Point of View

Verso la fine della pandemia?

21/06/2021

HEAD OF ADVISORY COMMERCIAL BANKING E RETI AGENTI
LIFE BANKER BNL - BNP PARIBAS

Uno dei temi su cui puntiamo come Gruppo nella seconda metà dell’anno 2021 sarà la forte ripresa dei consumi.

Durante la pandemia le famiglie di tutto il mondo hanno accumulato risparmi in eccesso, in particolare le famiglie dei grandi paesi della zona euro hanno risparmiato fino a un quarto del loro reddito disponibile da quando è iniziata la crisi economico-sanitaria legata al Covid-19, in parte come precauzione, ma anche perché molte delle spese tra cui i viaggi e l’intrattenimento erano off limits. 

Secondo le rivelazioni del governatore belga Pierre Wunsch, policymaker della Banca centrale europea, questa domanda repressa manterrà la spesa al di sopra dei livelli precedenti alla pandemia per i prossimi cinque anni a venire, scatenando potenzialmente più crescita economica di quanto previsto dalla Bce.

I programmi di vaccinazione consentono le riaperture: le prove fornite da Israele, Stati Uniti e Regno Unito suggeriscono che le infezioni da COVID-19 e i tassi di ospedalizzazione collassano una volta che i tassi di vaccinazione raggiungono il 40-60% della popolazione totale. L’Europa continentale dovrebbe raggiungere questo tasso di vaccinazione entro la fine di giugno, il che indica un’accelerazione della spesa al consumo nella seconda metà di quest’anno.

Negli Stati Uniti la ripresa dei consumi ne è stato un chiaro segnale a marzo: le vendite al dettaglio sono balzate del 9,8% su base mensile, ben al di sopra delle aspettative e dopo il -3% di febbraio mentre gli analisti si aspettavano un incremento del 5,9%. 

I cittadini americani hanno comprato di tutto: dai vestiti agli articoli sportivi, passando per musica, libri, auto ma anche facendo incetta di cibo e bevande, con la spesa per quasi tutte le categorie di beni al di sopra di dove era prima che il mondo avesse sentito parlare del Covid.

I consumi riprenderanno con la progressiva revoca delle misure restrittive, ci aspettiamo quindi che nella seconda metà dell’anno anche in Europa si assisterà a una forte ripresa degli utili in diversi settori dei servizi, come finanza, retail, viaggi e tempo libero, media e auto.

Il turismo è stato uno dei settori più colpiti dalla pandemia.
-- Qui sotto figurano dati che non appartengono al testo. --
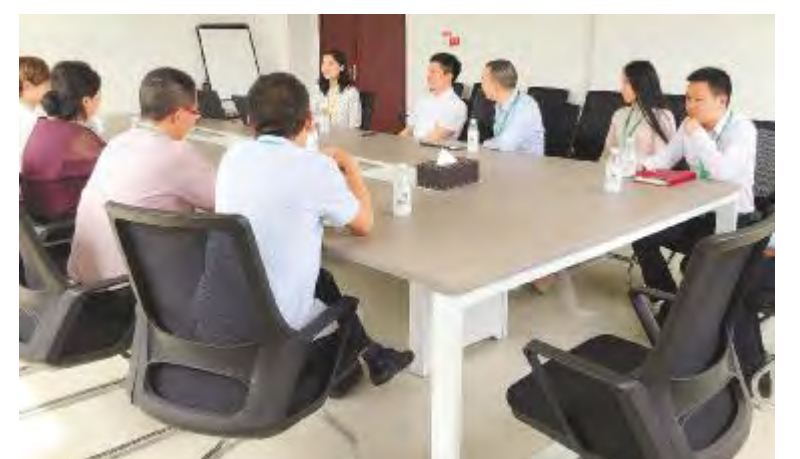
新千里装饰集团人力资源团队莅临通威太阳能成都基地交流学习

光伏学院始终坚持加强与标杆企业的交流学习,既解决眼前问题,也储备前瞻能力,于当下提升管理水平、于未来开阔眼界以致致远。未来,光伏学院将持续积极对接优质企业资源,为公司的快速发展打好人才保卫战。

Impiega circa 27 milioni di persone e rappresenta circa il 10% del PIL dell’UE e al momento sono sei i milioni di posti di lavoro a rischio. Nel 2020 l’Europa, prima destinazione turistica mondiale, ha accolto il 66% in meno di turisti internazionali nella prima metà dell’anno e il 97% in meno nella seconda.
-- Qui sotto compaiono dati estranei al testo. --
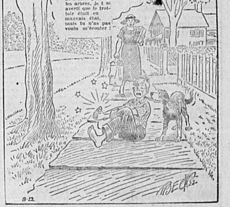
par Will Disney
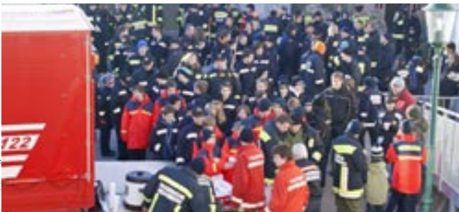
Bilder (3): z. Vg.

Una volta abolite le restrizioni sui viaggi e le restrizioni nazionali, ci si potrà aspettare che i consumatori stanchi del blocco si affrettino a riprendere a viaggiare. L’Organizzazione mondiale del turismo prevede che il turismo interno ritorni più rapidamente del turismo internazionale, incentivando la domanda di benzina/diesel attraverso un aumento dei viaggi in auto e anche per gli alberghi per brevi soggiorni e pause durante il fine settimana.

Le occasioni di intrattenimento outdoor permetteranno di tornare alla socialità live (musei, cinema, concerti) con la voglia di compresenza fisica e non più solo virtuale. Ci aspettiamo quindi che le persone riprendano a spendere per cosmetici, profumi, nuovi vestiti e auto, facendo attenzione alla loro sostenibilità.
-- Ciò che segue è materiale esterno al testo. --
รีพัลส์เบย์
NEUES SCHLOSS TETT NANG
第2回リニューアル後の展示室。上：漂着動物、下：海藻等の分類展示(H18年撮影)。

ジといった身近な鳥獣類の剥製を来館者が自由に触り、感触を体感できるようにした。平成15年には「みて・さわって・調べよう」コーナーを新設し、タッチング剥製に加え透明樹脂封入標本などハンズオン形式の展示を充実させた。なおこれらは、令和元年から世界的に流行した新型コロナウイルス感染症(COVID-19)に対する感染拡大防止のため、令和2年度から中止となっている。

La casa rimarrà uno dei caposaldi nel post-Covid con particolare attenzione a ristrutturazioni, efficientamento energetico, domotica

Il mondo dell’e-commerce è cresciuto del 58% su base annua nel primo trimestre 2021 e, in tutto il mondo, il traffico sui siti di shopping è aumentato del 27%, sempre su base annua. Questo conferma che anche il digital jump non si interromperà, ma proseguirà con acquisti di nuovi smartphone, tablet, pc, smart tv, come i pagamenti on line, l’e-grocery e il delivery saranno sempre più frequenti.

Questo stimolerà inevitabilmente i fornitori di infrastrutture 5G, i produttori di handset e i produttori di semiconduttori.

La luce alla fine del tunnel pandemico è in atto.